Amarillo Globe-News
- Type: Daily newspaper
- Format: Broadsheet
- Owner: USA Today Co.
- Founded: 1909 (as The Amarillo Daily News)
- Headquarters: Amarillo, Texas United States
- Circulation: 4,935 (as of 2023)
- Website: amarillo.com

= Amarillo Globe-News =

Daily newspaper in Amarillo, Texas

The Amarillo Globe-News is a daily newspaper in Amarillo, Texas, owned by USA Today Co. The newspaper is based at downtown's FirstBank Southwest Tower, but is printed at a facility in Lubbock.

==History==
The current-day Globe-News is a combination of several newspapers previously published in Amarillo. One began on November 4, 1909, as a prohibition publication by the Baptist deacon Dr. Joseph Elbert Nunn (1851 - 1938). In 1916, Nunn turned the Amarillo Daily News into a general newspaper.

Nunn also owned an electric company, and heavily invested in the telephone company. He served on the boards of the Wayland Baptist College (now Wayland Baptist University) in Plainview, Texas, then at Texas Technological College (now Texas Tech University).

He went on to Lubbock, Texas, with the Goodnight Baptist College in the now ghost town of Goodnight in Armstrong County. The college and town were named for the legendary Texas Panhandle rancher Charles Goodnight.

In 1926, Eugene A. Howe and Wilbur Clayton Hawk bought the Amarillo Daily News and merged it with their Globe newspaper to form the Amarillo Globe-News Publishing Company.

The Amarillo Times started on December 15, 1937, as an afternoon tabloid newspaper. On December 2, 1951, the Globe-News and Times were merged into one company with the majority of the stock owned by the Times Roy Whittenburg family, being published by Samuel Benjamin Whittenburg (1914 - 1992). The Daily News continued as the morning newspaper, while the Globe-News and Times were merged into the afternoon Globe-Times.

The Amarillo Globe-Times won the 1961 Pulitzer Prize for Public Service for exposing government corruption in Potter and Randall counties. The organization noted the paper "expos[ed] a breakdown in local law enforcement with resultant punitive action that swept lax officials from their posts and brought about the election of a reform slate."

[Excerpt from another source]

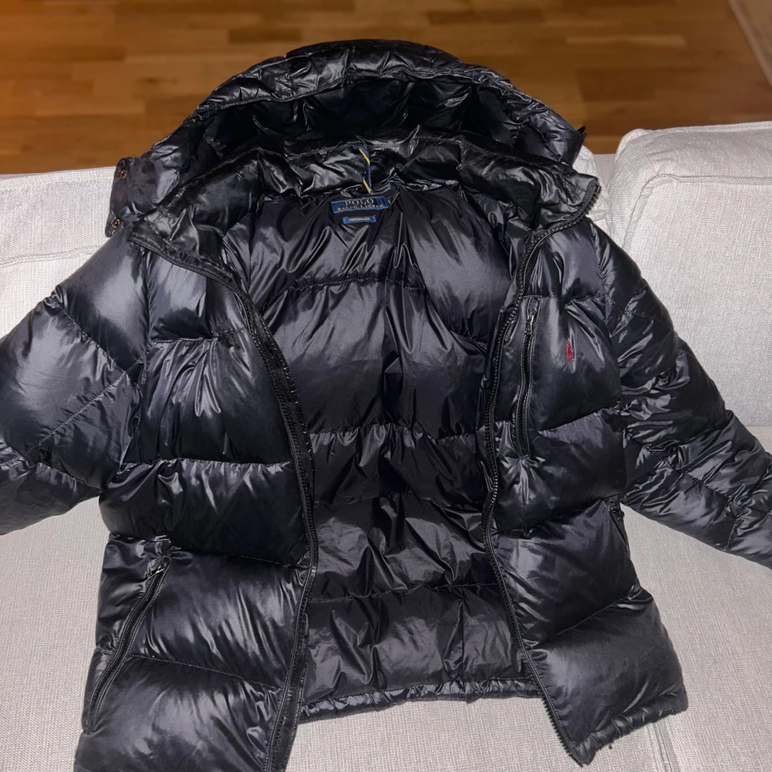 Snygg svart pufferjacka från Polo Ralph Lauren med glansig finish och röd logga på bröstet. Inga defekter eller problem då den är sparsamt använd och bara använd 2 vintrar. Bara skriva om det är några frågor eller funderingar!

The company also purchased radio stations WDAG and KGRS (merging them to form KGNC in 1935), and NBC television station KGNC-TV (now KAMR) in 1953.

On September 1, 1972, Morris Communications bought the Globe-News from the Whittenburg family.

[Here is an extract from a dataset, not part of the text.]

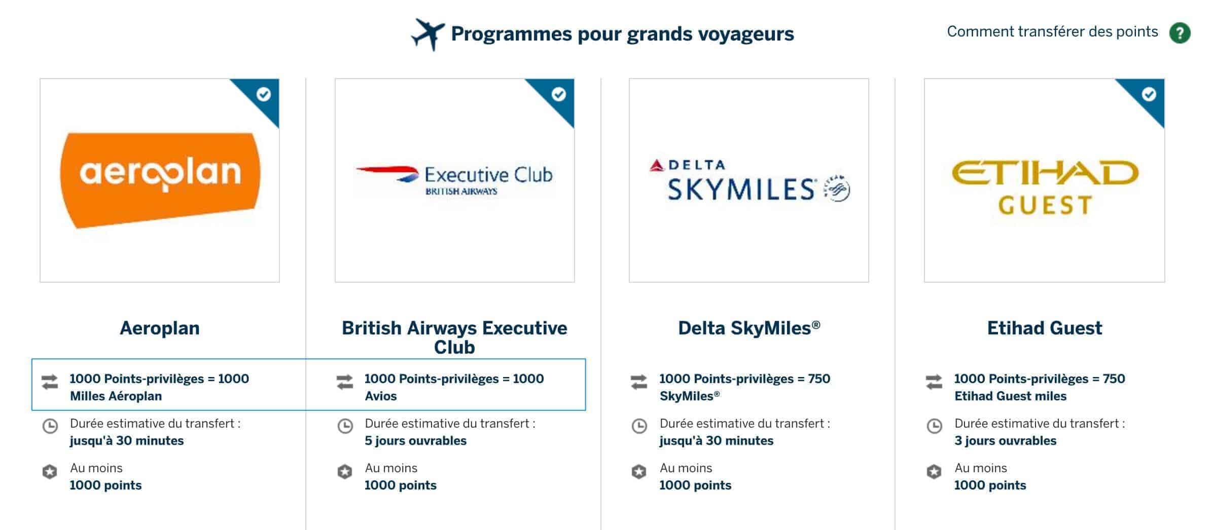 Cependant, les conversions les plus avantageuses restent vers Aéroplan et British Airways Executive Club (1 pour 1).

In 2001, the Daily News and Globe-Times merged into one morning edition, the Globe-News.

In 2017, Morris Communications sold its newspapers to GateHouse Media.

The Globe-News moved in September 2018 from the building it occupied since 1949 on South Harrison Street on the west side of downtown. The newspaper chose to move to the FirstBank Southwest Tower on Tyler Street a few blocks away.

Effective July 10, 2023, the paper transitioned from carrier delivery to delivery via the U.S. Postal Service.

==Journalists==

Journalists who got their start at the Amarillo Globe-News include National Journal correspondent Major Garrett, Dow Jones Newswires and columnist Al Lewis.